I grew up in cul de sac and lived in one until quite recently with my two sons. What you’re describing sounds quite normal for both areas. 

Post # 7
Member
1163 posts
Bumble bee
  • Wedding: December 1995

This is neglectful to me.  There is no way I would let my 5 year old go hang out with the neighbors for hours, especially if I hadn’t checked with them first.  That’s lazy parenting.  They are expecting you to take care of their child.  And it sounds like they don’t know you.  You could be child abusers/molesters and they wouldn’t know it.   

Post # 8
Member
2660 posts
Sugar bee
  • Wedding: July 2018

Definitely not normal. Letting a five year old hang out with strangers in their house for hours without checking on him? No way. I grew up running around in the countryside alone or with my sister for hours without supervision, but this is a totally different situation. 

Post # 9
Member
2467 posts
Buzzing bee
  • Wedding: August 2010

5 is way too young for this!

Post # 10
Member
12825 posts
Honey Beekeeper

Maybe it was normal two generations ago but in this day and age, those parents are being irresponsible. As mentioned, there is a lot more going on here than just a lack of supervision outdoors, too. No dinner, trusting complete strangers etc. It’s neglectful. 

Post # 11
Member
1862 posts
Buzzing bee
  • Wedding: April 2016

Absolutley not ok. They are lucky you are a good person and not a deviant. But that’s just lucky on their part because they don’t know you and left their child with you unsupervised for 3 HOURS. 

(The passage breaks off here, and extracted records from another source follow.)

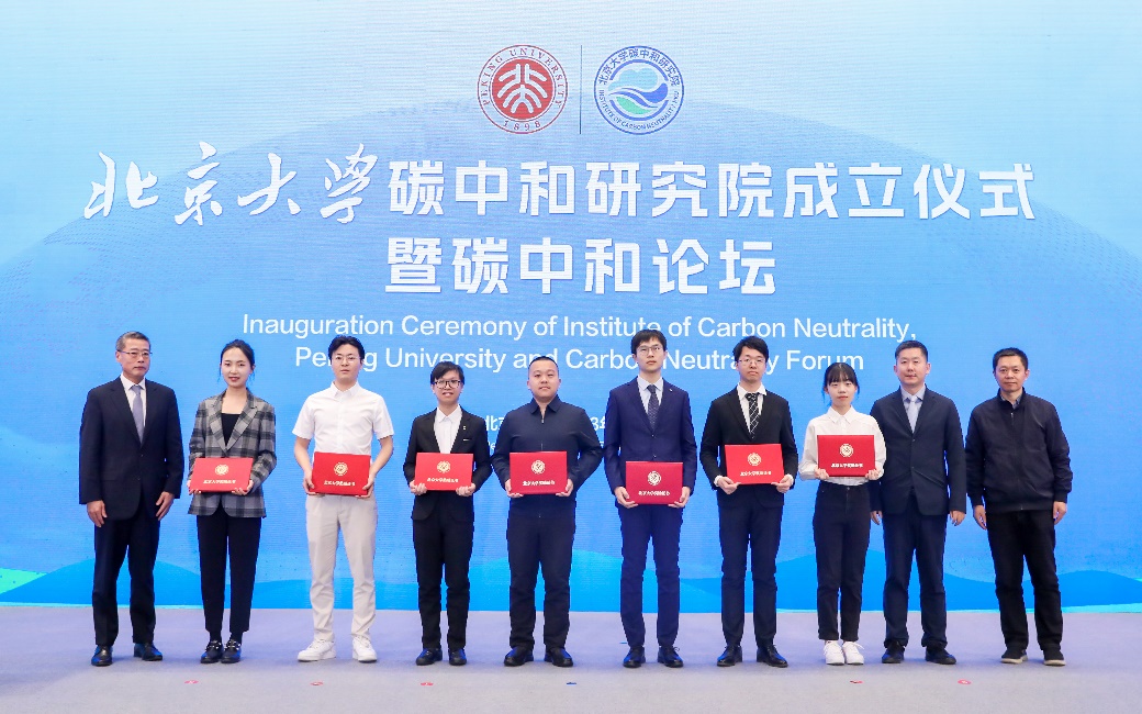 儀式上,樸世龍、王躍奎和北京大學研究生院副院長王天兵為北京大學必和必拓“碳與氣候”博士研究生未名學者獎學金獲得者頒獎。
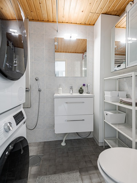 - Varustus: Suihku, allaskaappi, peilikaappi, WC-istuin, pesukoneliitäntä. Materiaalit: Lattia- ja seinäpinnat laatoitettu
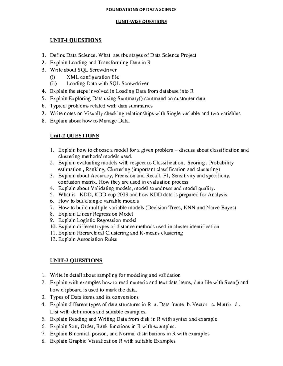 Data Science Sem 1 Questions Bank: Key Concepts & Techniques - Studocu
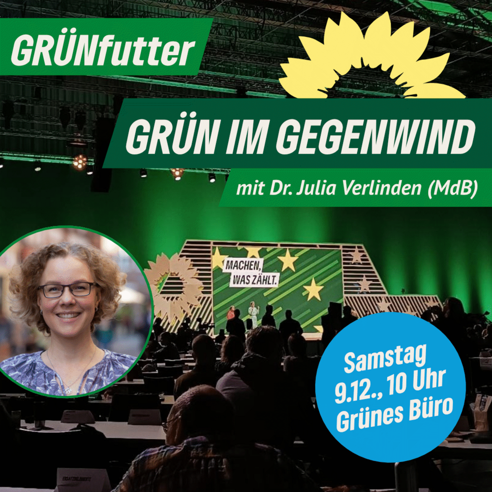 Das wollen wir diskutieren bei unserem Dezember-Grünfutter mit unserer Bundestagsabgeordneten Julia Verlinden, am 9. Dezember um 10 Uhr im Grünen Büro in Lüneburg, Schröderstraße 16 (im Hof), 21335 Lüneburg.
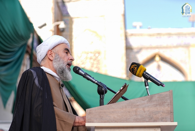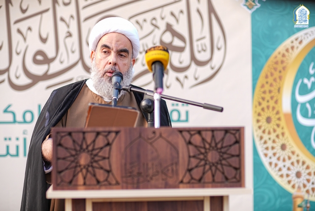 وشهدت شعائر صلاة عيد الفطر المبارك خطبة عبادية دعا في مطلعها بتعجيل فرج مولانا صاحب العصر والزمان الإمام المهدي المنتظر "عجل الله تعالى فرجه الشريف"، وأكد في خطبته على مبدأ الطاعة والتقوى والخوف من الله والتماس التوبة والعودة إلى حضرته القدسية مستشهداً بشذرات من وصايا أمير المؤمنين الإمام علي "عليه السلام" قبل رحيله قائلاً: (أوصيك يا حسن وجميع أهل بيتي وولدي ومن بلغه كتابي بتقوى الله ربكم، ولا تموتن إلا وانتم مسلمون، واعتصموا بحبل الله جميعا ولا تفرقوا، فاني سمعت رسول الله (صلى الله عليه واله) يقول : صلاح ذات البين أفضل من عامة الصلاة والصيام، وان المبيرة الحالقة للدين فساد ذات البين، ولا قوة إلا بالله العلي العظيم انظروا ذوي أرحامكم فصلوهم يهون الله عليكم الحساب الله الله في الأيتام فلا تغيروا أفواههم، ولا يضيعو بحضرتكم، فقد سمعت رسول الله (صلى الله عليه واله) يقول : من عال يتيما حتى يستغني أوجب الله عز وجل لذلك له الجنة كما أوجب الله لآكل مال اليتيم النار.
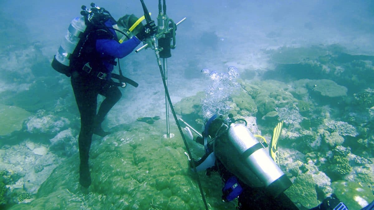 Off a small island in the Chagos archipelago in the Indian Ocean, Woods Hole Oceanographic Institution (WHOI) biogeochemists Konrad Hughen and Colleen Hansel use a special underwater drill to take a core sample from a boulder coral (Porites lobata) during an expedition in 2015 (top left).
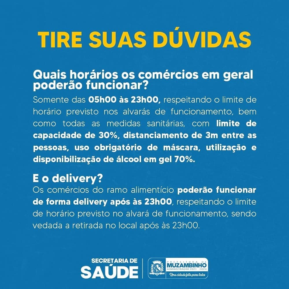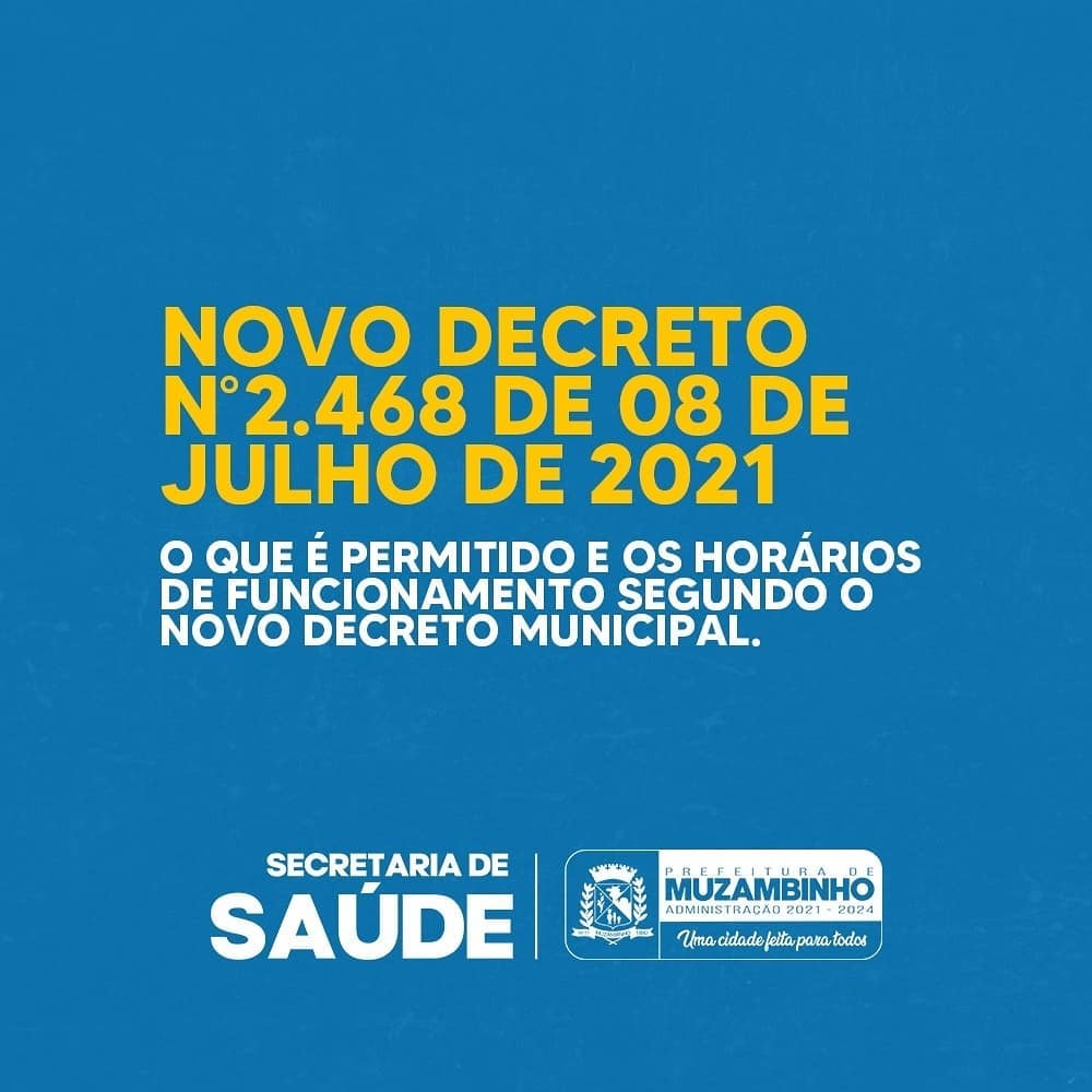 A partir de hoje, 08 de julho de 2021, um novo decreto entra em vigência, com novos horários de funcionamento comercial e liberação de atividades esportivas e de lazer.

I know a lot of people used to play outside unsupervised and things were fine. But surely those parents knew the community, still at least CHECKED on you occasionally and fed you dinner. 

Seriously, this is unacceptable. If you are ok with it I would be making sure he is safe and fed. If you are still uneasy I’d probably try to get to know the parents and if all of that fails I’d probably call someone, at least for some advice. 

Post # 12
Member
5789 posts
Bee Keeper

I’m a mom, grandma and this isn’t normal in my eyes. They sound negligent and the poor little guy sounds lonely, my heart goes out to him. You and your husband sound like kind, caring people but sadly you seem to care more about him being safe or fed than his own parents, how heartbreaking. frown

Post # 13
Member
2723 posts
Sugar bee

When I was a kid we roamed the neighbourhood for hours and spent lots of time at the neighbours houses, but there are a few things that are different about this that make it very odd to me:

1) He’s only 5. (Even 7 or 8 would make more sense)
2) it’s just one kid – when I was little there was minimum 2 of us playing, but usually 4-6. Then at least if something happens the other kids can come get help
3) Not checking on him periodically 
4) They don’t know you at ALL and have made no attempt to get to know you even though their kid has taken an interest in you (my parents immediately started befriending the neighbours when all of their kids started hanging out together)
5) They left him with you for 3 hours in the evening without making sure he was fed. 8pm is bed time for most 5 year olds

Post # 14
Member
5789 posts
Bee Keeper

View original reply
weddingmaven :  
View original reply
wolfeyes :  All of this. I too grew up in a different era where kids were generally allowed much more freedom than is the norm today- but even so, there are still several key differences. As wolfeyes says- a 5 year old wouldn’t be off on their own, they’d be with other kids and likely an older brother or sister (otherwise 7 or 8 would be more the norm for hanging around with friends). Not only were there a lot more kids around, but people knew their neighbours much, much better- other adults in the area were more akin to aunts and uncles, not strangers you barely knew. And the parents still cared where their kids were at suppertime. I am so, so sad for this little boy. 

Post # 15
Member
2667 posts
Sugar bee
  • Wedding: County courthouse

I think it depends what control you live in. Definitely not ok here in the US. My kids are 8 and 5. We also live in a cul de sac, and I never allows my kids to play our front without me watching. Now that fenced in back yard, yes I do, but I open the sliding door and leave the screen door closed. So I can at least hear them. I also chceck up on them regularly. This isn’t normal at all.